特に日本では、賃金水準の国際比較や円安の影響により、グローバル人財獲得競争における報酬競争力が課題になっています。その一方で、日本には法定福利厚生や法定外福利厚生を含む大きな価値があります。問題は、その価値が総報酬として十分に可視化されていない点です。 
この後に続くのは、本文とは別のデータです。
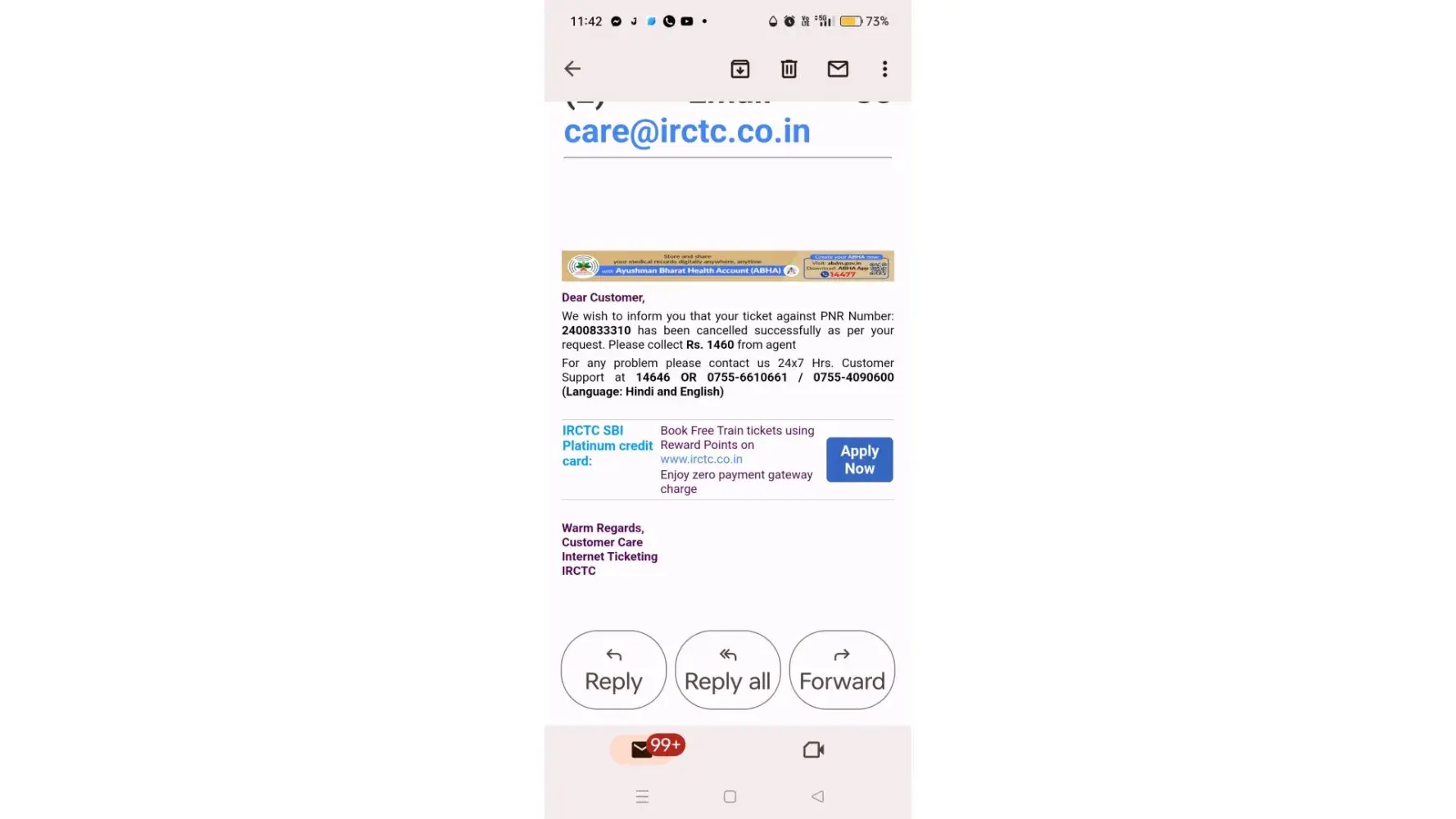 Finally, after what seemed like forever, they congratulated me on resolving the issue. However, I was shocked to see that they had deducted Rs 2425 per ticket head, instead of the Rs 1500 that was supposed to be charged for cancellation. The refund email did not explain the deduction and the math did not make sense.

本稿では、トータルリワーズの基本概念、日本企業が直面する課題、福利厚生をモネタリーバリュー化する意義、日立製作所の事例、さらにWorldatWorkに代表されるグローバル報酬専門性と人事資格の重要性について解説します。 

トータルリワーズ とは何か 

トータルリワーズは、従来の報酬制度をより広く、より戦略的に捉える概念です。一般的な報酬制度では、給与、賞与、手当、評価制度などが中心になります。しかし、トータルリワーズでは、それらに加えて福利厚生、柔軟な働き方、キャリア機会、学習支援、承認、組織への帰属意識といった非金銭的価値も含めて設計します。 

従来の報酬制度との違い 

従来の報酬制度は、給与テーブルや評価制度の運用といった「制度管理」にとどまることが少なくありませんでした。つまり、報酬は成果に応じて支払うもの、あるいは人件費として管理するものと考えられてきました。 
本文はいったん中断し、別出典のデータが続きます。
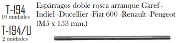 (1) ESPARRAGO DOBLE ROSCA ARRANQUE GAREF – DUCELLIER – FIAT 600 – RENAULT – PEUGEOT (M5 x 153mm)
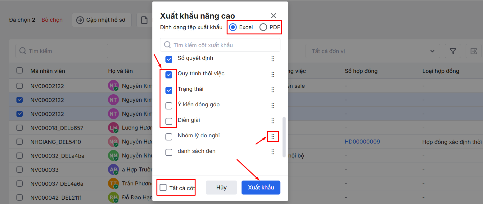 Bước 2: Để tùy chỉnh cột\ Nhấn chọn nâng cao\ Chọn định dạng file xuất\ Tích chọn các cột thông tin muốn xuất ra\ Nhấn vào biểu tượng dấu sáu chấm cuối mỗi cột thông tin để di chuyển và sắp xếp vị trí muốn hiển thị trên file xuất ra.
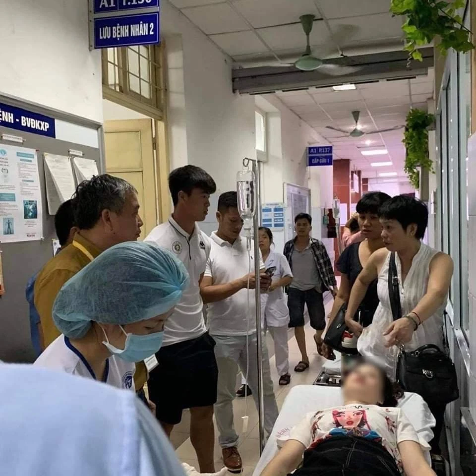 Nữ cổ động viên bị trúng pháo sáng tại sân vận động Hàng Đẫy (Hà Nội) đang được điều trị tại BV Xanh Pôn. Ảnh: BVCC

一方、トータルリワーズでは、報酬を経営戦略と接続します。どのような人財を惹きつけ、どのような行動を促し、どのような企業価値の創出につなげるのか。そこまでを設計する点が、従来型の報酬制度との大きな違いです。 

なぜ今 トータルリワーズ が重要なのか 

今、組織に求められているのは、単に給与水準を上げることではありません。限られた経営資源の中で、金銭報酬と非金銭報酬を組み合わせ、働く人にとっての価値を最大化することです。 
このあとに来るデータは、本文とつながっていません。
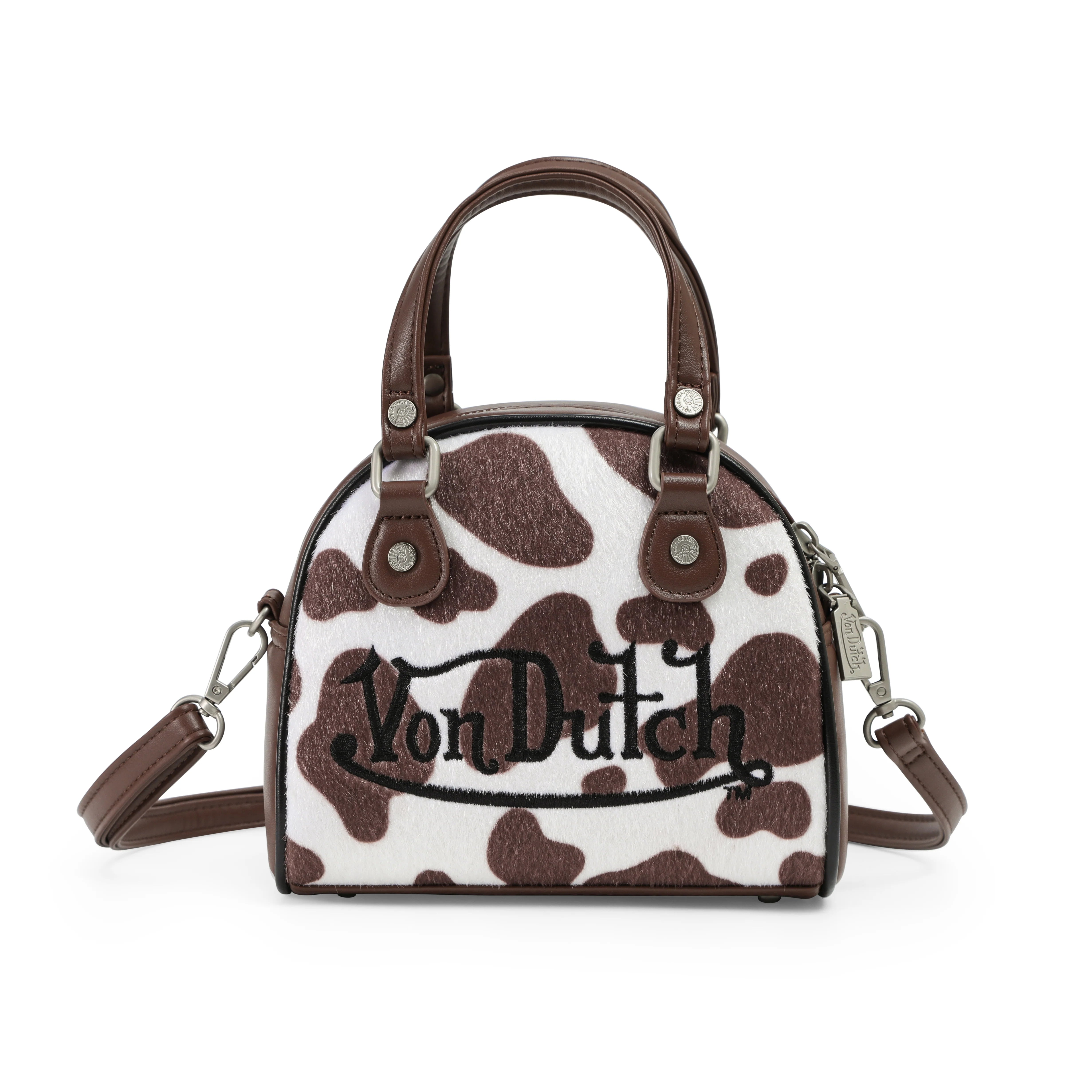 Make a bold entrance with this vibrant Brown and white cow-print bowling bag from Von Dutch—a statement accessory that blends playful flair with everyday functionality.

ここで重要なのは、報酬を「支払い」ではなく「投資」として捉える視点です。報酬は、組織のメッセージそのものです。何を評価し、何を大切にし、どのような行動を期待するのか。その意思が報酬設計に表れます。 

日本企業の報酬競争力が低下している理由 

日本企業は、グローバル市場において報酬競争力の低下という課題に直面しています。特に、優秀な人財が国境を越えて働く時代において、国内水準だけを基準にした報酬設計では、世界の人財市場で選ばれにくくなります。 

円安による影響 

円安が進行すると、日本国内では妥当と見える報酬であっても、外貨ベースでは相対的に価値が下がります。その結果、グローバル人財から見た日本の報酬水準は、実感以上に低く見える可能性があります。 

もちろん、報酬競争力は給与だけで決まりません。しかし、基本報酬の見え方が弱くなるほど、福利厚生やキャリア機会、働き方の価値を総合的に伝える必要性は高まります。 

グローバル人財獲得競争の激化 

さらに、優秀な人財は国や地域を越えてキャリアを選択するようになっています。そのため、組織は給与水準だけでなく、「ここで働くことでどのような価値が得られるのか」を明確に示す必要があります。 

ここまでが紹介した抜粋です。